Differentiating a GP function


I was wondering if there is an easy way to differentiate a GP function respect to x*. I can easily do it numerically, but I want to get a posterior interval for it as well.

with pm.Model() as model:
    x_scale = 2.0 
    m_scale = 8.0
    eta1 = pm.HalfNormal("eta1", sigma=2)

    cov_func1 = eta1 ** 2 * pm.gp.cov.Matern52(input_dim=input_dim, ls=x_scale, active_dims=[0]) \
                * pm.gp.cov.Matern52(input_dim=input_dim, ls=m_scale, active_dims=[1])

    eta2 = pm.HalfNormal("eta2", sigma=2)
    cov_func2 = eta2 ** 2 * pm.gp.cov.Matern52(input_dim=input_dim, ls=x_scale, active_dims=[0]) \
                * pm.gp.cov.Matern52(input_dim=input_dim, ls=m_scale, active_dims=[1])

    gp1 = pm.gp.MarginalSparse(cov_func=cov_func1, approx="VFE")
    gp2 = pm.gp.MarginalSparse(cov_func=cov_func2, approx="VFE")

    # set flat prior for Xu
    # Xu = pm.Flat("Xu1", shape=Xu_init.shape, testval=Xu_init)

    sigma_1 = pm.HalfCauchy("sigma_1", beta=5)
    sigma_2 = pm.HalfCauchy("sigma_2", beta=5)

    y1_err_ = tt.sqrt(Ys1err * Ys1err + sigma_1 * sigma_1)
    y2_err_ = tt.sqrt(Ys2err * Ys2err + sigma_2 * sigma_2)

    y1_ = gp1.marginal_likelihood("y1", X=Xs, Xu=Xu_init, y=Ys1, noise=y1_err_)
    y2_ = gp2.marginal_likelihood("y2", X=Xs, Xu=Xu_init, y=Ys2, noise=y2_err_)

with model:
    mp = pm.find_MAP(method="BFGS")


To clarify, are you interested in automatically calculating df/dx where f \sim GP(\mu(x), K(x,x')) is a random function sampled from a GP?

Thank you for the clarification. Yes, that is correct.
I want to compute \frac{\partial f}{\partial x_i} where f \sim \mathcal{GP}(0, K({\bf x}^{\prime}, {\bf x})).

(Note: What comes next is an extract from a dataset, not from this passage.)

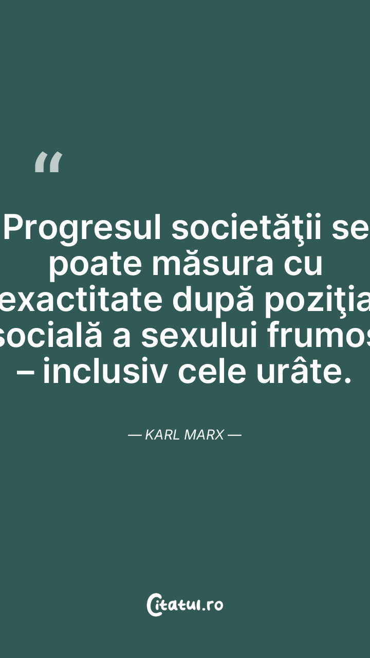 Progresul societăţii se poate măsura cu exactitate după poziţia socială a sexului frumos – inclusiv cele urâte. Karl Marx

I don’t have deep familiarity with the internals of the GP module and so perhaps there is a shortcut I’m unaware of. However, section 9.4 of this book suggests that \frac{df}{dx} \sim GP( \frac{\partial \mu}{\partial x}, \frac{\partial^2K}{\partial x \partial x'}). This means that you just need to figure out what the new mean function and kernel K' would be and then create a new GP with them in your model. I think this is a fairly straightforward solution and can try to show you if you are interested. Unfortunately, it will not be a generic solution applicable to each kernel as the derivative kernel will be different for every original kernel function.

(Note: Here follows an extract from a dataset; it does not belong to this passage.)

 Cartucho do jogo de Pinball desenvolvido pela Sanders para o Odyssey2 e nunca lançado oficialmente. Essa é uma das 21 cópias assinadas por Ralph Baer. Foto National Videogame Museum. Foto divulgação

Thank you for pointing out this book. I was wondering maybe PYMC has an implementation of this (at least for differentiable Kernels - such as Martern 3/2 and 5/2 kernels. I will try to figure it out how to implement it, but if you have an example I am sure it would be super helpful.

Thank you,

That could indeed be an interesting addition to the GP module, hmmm…

1 Like